Normal... is boring
My life, however, never seems to reach that much vaunted state of normalcy and is very, very rarely boring in that sense.
So I started worrying about money again over the weekend. Having not started my new job yet, things are extremely tight for me financially, plus on top of that, my mother's birthday and anniversary are both this week. I actually worried so much about it that I ended up with a severe migraine on Sunday. Then, lo and behold, there's a check for a little over $600 for me that I wasn't expecting waiting for me in my mail-box monday afternoon. Scary.

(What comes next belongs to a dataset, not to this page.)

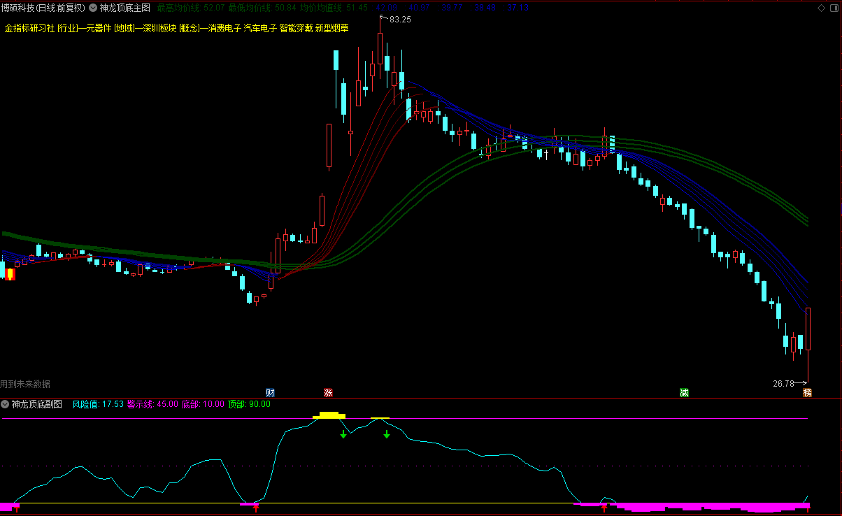 此指标通过复杂的算法,综合考量股票所属板块的行业属性、概念热点以及股价均价的波动、成交量的异动等多个维度,计算出股票的潜力指数。通过直观的图形和颜色变化,为我们提供清晰的市场趋势分析和买卖信号。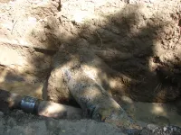 Как выяснилось, порыв произошел на старой трубе водовода, которая пролегает под новой, недавно установленной.

So I take the check to the bank, and deposit $500 of it to my checking account to help keep me afloat financially until my new job starts, taking a little more than $100 back to go birthday and anniversary shopping for my mom. A run through a fast-food place to get a soda on my way, and realize that the bank messed up and gave me $100 more cash back then they were supposed to. I double check my deposit slip and the slip has all the numbers right, the teller at the bank just made a big mistake and put the wrong amount of money in the envelope. Scarier.
(I went back to the bank and returned the extra money, but I can't say that I wasn't very tempted to keep it. It ultimately came down to one deciding factor, keeping the money was very likely to hurt the teller, a shortage in that amount would probably result in her losing her job. So, being a good little Wiccan I chose to harm none, and took it back.)
At any rate, I at least don't have to worry about money again for another month or so... And I think I got the universe's message, I'm gonna stop worrying so much ( it'd be a lie if I said I was going to quit worrying altogether ) about things and just trust that everything is going to take care of itself in its own good time.